In addition, several models based on word embedding and pretrained language models have emerged. Bianchi et al. [
17] proposed a new topic model, which was a cross-lingual model that utilized the pretraining method. The model acquired knowledge from one language and applied it to predict topics for unseen documents written in different languages. Hoyle et al. [
37] introduced a teacher–student model that utilized knowledge distillation for topic discovery tasks. That model was based on a variational autoencoder and could effectively combine various neural topic models, including the BAT + Scholar model. The BAT + Scholar model could seamlessly integrate the pretrained language model BERT with other neural topic models.
Topic models have been used with networks such as LSTM [
38] networks in order to discover more coherent topics.

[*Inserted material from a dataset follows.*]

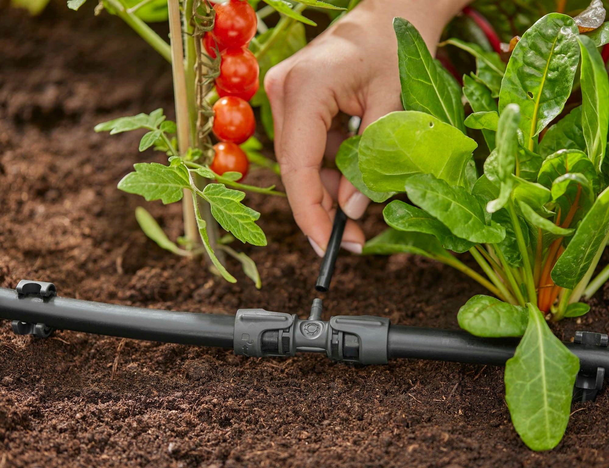 S Micro-Drip-System T-kusem vytvoříte přechod z 13 mm propojovací trubky na 4,6 mm rozdělovací trubku. T-kus je obzvláště užitečný, pokud chcete vytvořit odbočky k záhonům nebo květináčům. Instalace je díky značení snadná a intuitivní. Spoje jsou bezpečně uzavřeny, jakmile uslyšíte cvaknutí.

Ding et al. [
39] used an RNN to detect discontinued words and merged its output with document topic vectors to cluster the same semantic content. Jin et al. [
40] proposed a matrix-decomposition model, LTMF, which integrated long short-term networks and topic modeling for comment understanding. That model showed a better topic clustering capability compared to traditional topic-model-based approaches.

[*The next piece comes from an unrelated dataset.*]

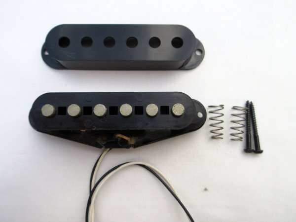 艶黒カバーにプラ製ボビン、フラットポールピース、直付け仕様という日本製ギターではよく見るシングルコイルです。

Data augmentation is widely employed in text classification [
41] and text clustering tasks [
42], especially in situations where resources are limited. It has the potential to increase the size and enhance the quality of training data, as well as the robustness of deep neural networks. While data augmentation techniques have mainly been utilized in the image domain, their implementation in the text domain may have unforeseen consequences. This article explores various data enhancement techniques. Wei et al. [
20] applied random swapping, random insertion, random deletion, and synonym replacement to improve text data, but that approach may eliminate useful information from the original text and adversely impact results. To overcome these limitations, Karimi et al. [
43] suggested a straightforward data augmentation method that avoided the removal of information from the source dataset. That method involved the insertion of punctuation marks to alter their position within a sentence, thereby boosting the model’s generalization ability and outperforming the baseline model.

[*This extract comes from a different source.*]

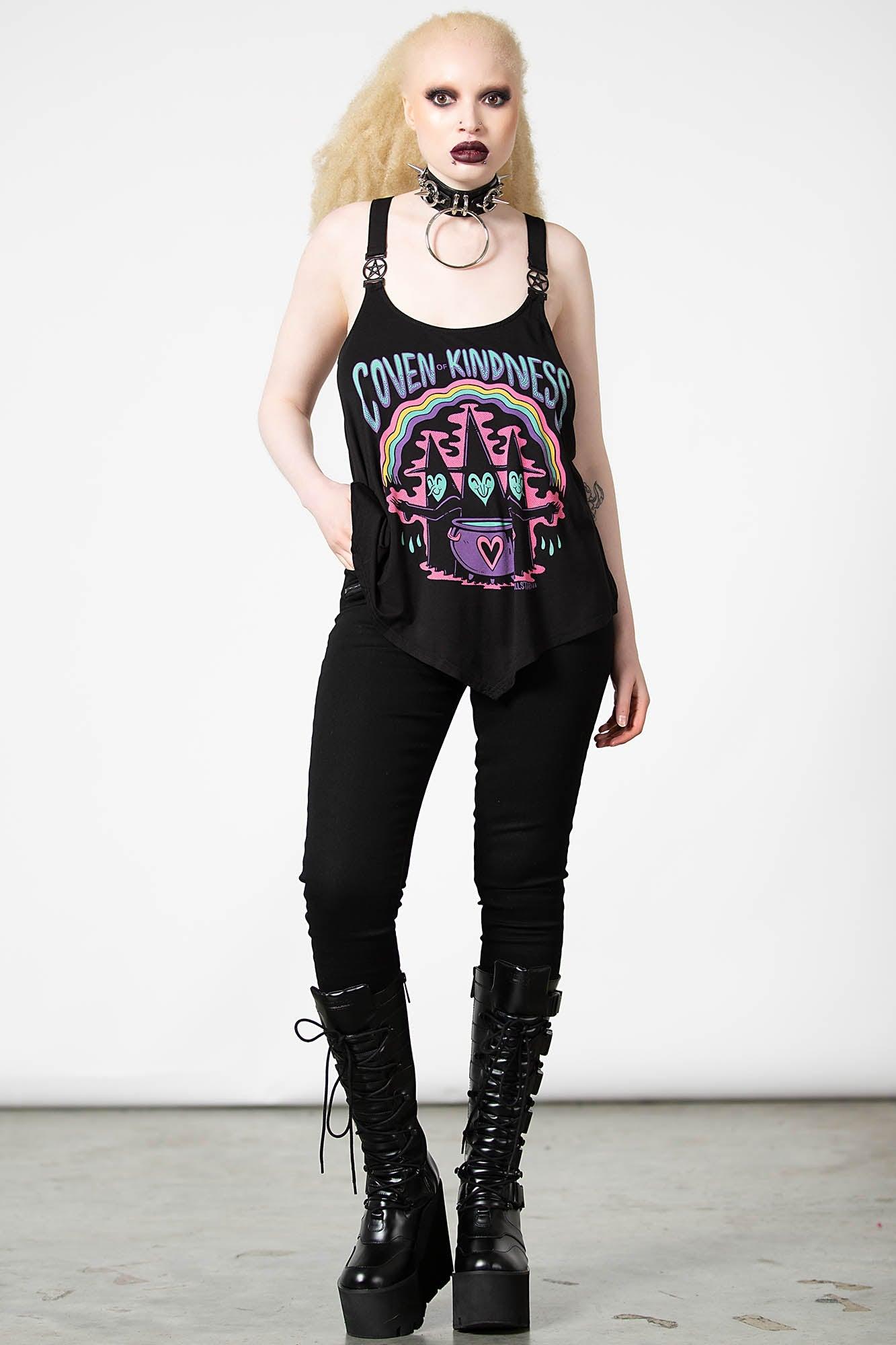 BENEVOLENT.- Low Neckline.- Statement Graphic On Front.- Super Soft Fabric.- Straps With Pentagram Hardware.- Handkerchief Hem.- Relaxed Fit.Stay cute, stay kind with our ‘Benevolent’ vest top. Crafted in super soft, flowing fabric and a hanky hem to give a relaxed fit. Finished with straps which feature metal pentagram hardware and a large, statement graphic on the front, this top is far from basic. Perfect piece for layering!So versatile and easily dressed up or down for whatever your dark heart desires.Model wears a size XS.With KILLSTAR Branding, 95% Rayon, 5% Elastane.

In recent years, scholars have explored ways to improve the models based on a combination of word embedding and topic models. Our approach explores the fusion of data augmentation and the sentence encoder SBERT and neural topic models on this basis and obtains high-quality topics.
4. Experiments
Our task was similar to an unsupervised clustering task, in which we aimed to mine a large amount of text for potential topics for a quick understanding of the text’s thematic content, and we used a neural topic model that incorporated data-enhanced knowledge and a sentence encoder to discover high-quality (relatively coherent and diverse) topics on English data.
4.1. DataSet
We used the M10 dataset in English [
44] as our experimental dataset, which is a short-text dataset. The M10 dataset consists of 8355 documents with a vocabulary size of 1696. We preprocessed the data by converting the text to lowercase, removing punctuation and eliminating stop words and other operations.
4.2. Settings
The model settings in this paper included the following parameters: learning _rate, dropout, batch_size, optimizer, embedding_dim, etc. For more visualization, the settings are shown in
Table 1.
4.3. Baselines
We used the results of the following models run on the M10 dataset as a baseline.
LDA [1]: this method computes a topic distribution for each article (called the article-topic distribution) and approximates each topic to a probability distribution over the vocabulary (called the topic-word distribution); it is a classic method of topic modeling.
ProdLDA [22]: this neural topic model uses a logistic Gaussian distribution to approximate the Dirichlet distribution, optimizes its components, and uses the Adam optimizer, a batch normalization, and other units in the encoder network to avoid AEVB component crashes occurring; ProdLDA is a widely used classical neural topic model.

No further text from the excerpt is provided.